### [YOUR GOAL]
In the answer, give the entries below exactly, from the first line through the line with "2-Pack Iron-On Denim", with every picture omitted.

START THE INPUT

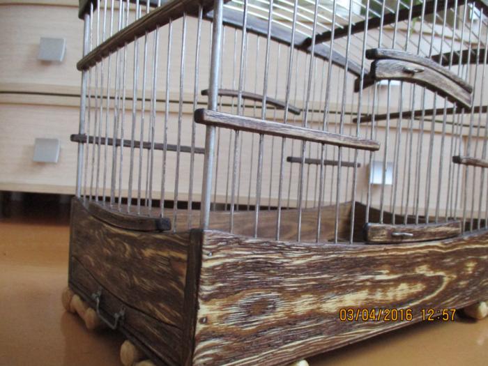 Собственноручная подделка под выставочные клетки на различных зарубежных выставках. Это не окончательный вид клетки. Окончательно их оформил "черный низ - белый верх", т.е. внутри выкрасил парой слоев обычной масляной белой краской, а снаружи покрыл морилкой и парой слоев лака. Вариант на фото больший, под травяных чуть меньшего размера. А вот точный размер не помню.
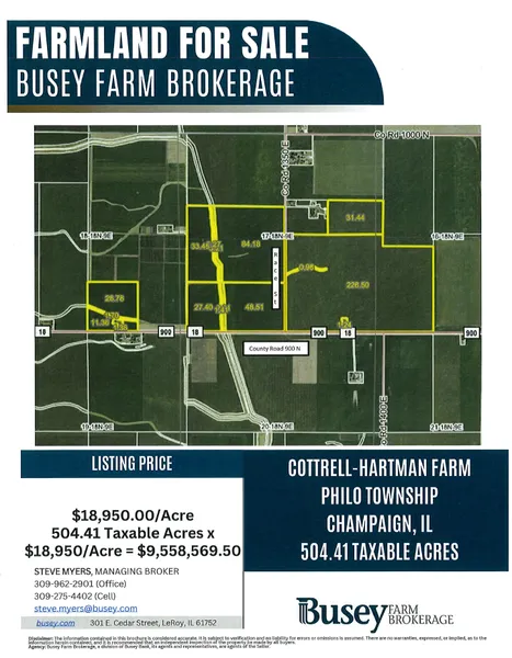 Prime Champaign County farm land for sale just 5 miles from Champaign-Urbana. The farm is lease free for the 2026 crop.
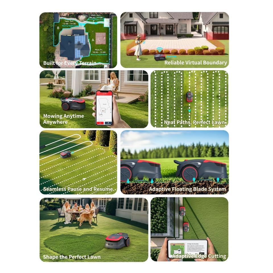 เครื่องตัดหญ้าอัตโนมัติแบบไร้สาย ใช้แบตเตอรี่ ระบบ RTK มองเห็นภาพ 3 มิติ หลีกเลี่ยงสิ่งกีดขวาง ไม่ต้องใช้ลวดกำหนดขอบเขต พร้อมใบมีดฟรีตลอดอายุการใช้งาน ระดับอุตสาหกรรม สำหรับงาน DIY
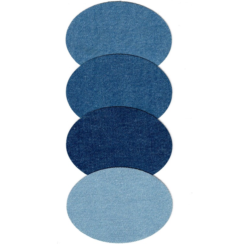 2-Pack Iron-On Denim Patches for Jeans Oval Knee and Elbow Repair Patches for Jackets Pants and Shirts Durable No-Sew Fabric Fix Embroidered IronOn & SewOn Patch DIY Clothing (Ice Blue)
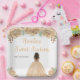 This sweet sixteen plate features faux glitter champagne peach cream floral flowers and a beautiful princess with dark skin and an elegant dress. This is perfect for a sweet sixteen birthday party.

END THE INPUT

### [RESPONSE TO THIS TASK]
 Собственноручная подделка под выставочные клетки на различных зарубежных выставках. Это не окончательный вид клетки. Окончательно их оформил "черный низ - белый верх", т.е. внутри выкрасил парой слоев обычной масляной белой краской, а снаружи покрыл морилкой и парой слоев лака. Вариант на фото больший, под травяных чуть меньшего размера. А вот точный размер не помню.
 Prime Champaign County farm land for sale just 5 miles from Champaign-Urbana. The farm is lease free for the 2026 crop.
 เครื่องตัดหญ้าอัตโนมัติแบบไร้สาย ใช้แบตเตอรี่ ระบบ RTK มองเห็นภาพ 3 มิติ หลีกเลี่ยงสิ่งกีดขวาง ไม่ต้องใช้ลวดกำหนดขอบเขต พร้อมใบมีดฟรีตลอดอายุการใช้งาน ระดับอุตสาหกรรม สำหรับงาน DIY
 2-Pack Iron-On Denim Patches for Jeans Oval Knee and Elbow Repair Patches for Jackets Pants and Shirts Durable No-Sew Fabric Fix Embroidered IronOn & SewOn Patch DIY Clothing (Ice Blue)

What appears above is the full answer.